• **Exercise data**

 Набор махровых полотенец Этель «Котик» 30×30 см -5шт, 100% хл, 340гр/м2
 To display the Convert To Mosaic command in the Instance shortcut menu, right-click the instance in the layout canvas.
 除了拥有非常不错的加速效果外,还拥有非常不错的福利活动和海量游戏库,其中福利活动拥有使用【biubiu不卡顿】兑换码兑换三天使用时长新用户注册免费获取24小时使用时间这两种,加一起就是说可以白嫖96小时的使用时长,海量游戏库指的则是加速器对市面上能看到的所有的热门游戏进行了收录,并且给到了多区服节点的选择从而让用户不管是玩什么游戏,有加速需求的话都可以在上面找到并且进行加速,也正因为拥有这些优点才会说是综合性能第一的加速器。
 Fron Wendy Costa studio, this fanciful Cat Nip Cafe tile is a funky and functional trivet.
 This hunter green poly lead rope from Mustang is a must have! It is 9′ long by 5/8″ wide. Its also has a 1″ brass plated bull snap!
...
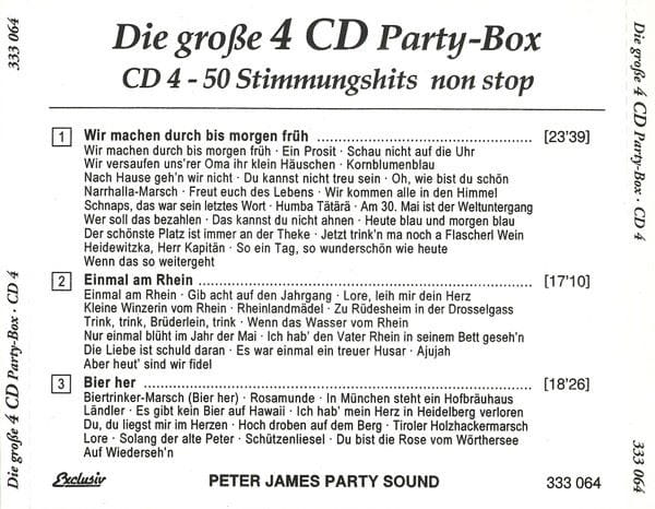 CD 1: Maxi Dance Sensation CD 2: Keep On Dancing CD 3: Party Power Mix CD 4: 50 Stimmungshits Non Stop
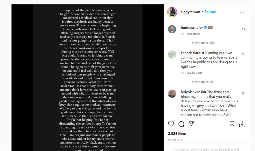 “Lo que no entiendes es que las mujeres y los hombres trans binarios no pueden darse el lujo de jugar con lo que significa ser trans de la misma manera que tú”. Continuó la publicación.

• **Exercise objective**
The lines above from the one with "Набор махровых полотенец" through the one with "This hunter green" are to be duplicated exactly, ends included, with nothing added.

• **Answer box**
 Набор махровых полотенец Этель «Котик» 30×30 см -5шт, 100% хл, 340гр/м2
 To display the Convert To Mosaic command in the Instance shortcut menu, right-click the instance in the layout canvas.
 除了拥有非常不错的加速效果外,还拥有非常不错的福利活动和海量游戏库,其中福利活动拥有使用【biubiu不卡顿】兑换码兑换三天使用时长新用户注册免费获取24小时使用时间这两种,加一起就是说可以白嫖96小时的使用时长,海量游戏库指的则是加速器对市面上能看到的所有的热门游戏进行了收录,并且给到了多区服节点的选择从而让用户不管是玩什么游戏,有加速需求的话都可以在上面找到并且进行加速,也正因为拥有这些优点才会说是综合性能第一的加速器。
 Fron Wendy Costa studio, this fanciful Cat Nip Cafe tile is a funky and functional trivet.
 This hunter green poly lead rope from Mustang is a must have! It is 9′ long by 5/8″ wide. Its also has a 1″ brass plated bull snap!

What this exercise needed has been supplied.